Деградация ума моей матери протекала без названия. Что же мне тогда делать с моим расстройством? Хотя о деменции за последние пятнадцать лет после смерти моей матери узнали многое, все источники, кроме самых оккультных, соглашаются, что в конечном счете исцелить деменцию невозможно, как любые другие заболевания мозга, симптомы которых сводятся к постепенному спаду уровня умственных способностей, а значит, «лишают больных возможности мыслить достаточно ясно для совершения рутинных дел, таких как одевание или поглощение пищи», «способности решать проблемы или контролировать эмоции», а также искусства различать то, что реально, и «то, чего на самом деле нет».

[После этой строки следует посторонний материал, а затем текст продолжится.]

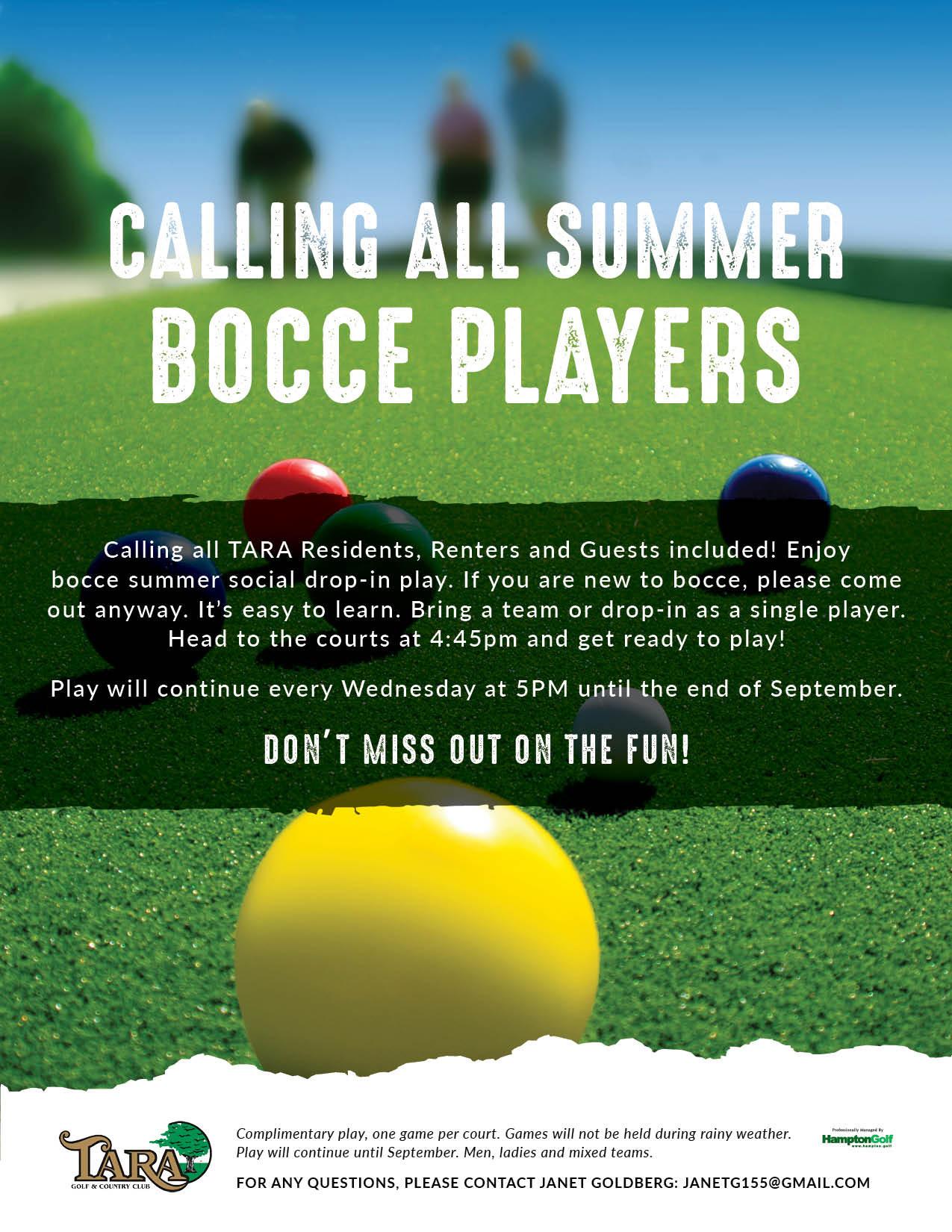 SUMMER BOCCE – Wednesdays | 5pm

Несмотря на отсутствие средств, которые могли хотя бы приблизиться к «исцелению», существуют лекарства, замедляющие прогресс болезни Альцгеймера и других видов деменций. Однако мои первичные исследования подтвердили то, что мы с Питером узнали на личном опыте: никакое из существующих лекарств не может предотвратить неизбежный упадок, который настигает даже пациентов, находящихся под самым строгим медицинским наблюдением. Более того, мы боялись, что из-за поиска точного диагноза попадем в ловушку, которую писатель и врач Атул Гаванде назвал «непреодолимой инерцией медицинского лечения». Тем не менее мы оба – люди, которые хотят знать, просвещение всегда притягивало нас, как огонь притягивает мотыльков. К тому же подтверждение наших подозрений могло бы помочь нам подготовиться. Если бы впереди замаячило неназываемое, мы смогли бы спланировать дорогостоящий уход, понижение качества нашей текущей жизни и способ закончить мою жизнь в подходящий момент.

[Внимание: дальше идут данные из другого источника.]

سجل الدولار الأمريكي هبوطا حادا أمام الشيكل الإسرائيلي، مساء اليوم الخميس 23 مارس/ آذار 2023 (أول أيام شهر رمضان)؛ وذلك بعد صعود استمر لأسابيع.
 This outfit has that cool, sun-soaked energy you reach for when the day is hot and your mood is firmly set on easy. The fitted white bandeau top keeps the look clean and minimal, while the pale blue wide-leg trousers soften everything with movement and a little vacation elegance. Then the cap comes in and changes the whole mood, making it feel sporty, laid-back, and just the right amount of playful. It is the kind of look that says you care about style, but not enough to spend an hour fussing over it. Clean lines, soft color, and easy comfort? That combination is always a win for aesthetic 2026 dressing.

Я попросила Питера сходить со мной на первый прием у врача в 2010 году. Терапевт вежливо учла наши сомнения о ценности постановки диагноза. Она выслушала наши проповеди о том, что мы считаем достойным уровнем жизни, и не давила на нас, позволив самим подумать, прежде чем последовать ее предложению сделать мне МРТ. Результаты сканирования выявили «повреждения белого вещества» – показатель забитых микрососудов, по которым кровь не могла добраться до близлежащих областей мозга. Доктор Эборн подтвердила мудрость Интернета: сосудистая деменция может ослабнуть при приеме препаратов, понижающих уровень холестерина и кровяное давление. Однако сначала невролог должна была подтвердить связь между выявленными повреждениями и моими проблемами с памятью.

Обследование у невролога, у нейропсихолога, десятки тестов, сотни долларов – и наконец моя невролог произнесла слово на букву «д». Так или иначе, его симптомы у себя я уже замечала. Врач сообщила, что понадобится еще два неврологических заключения с разницей в два года, чтобы официально диагностировать у меня деменцию.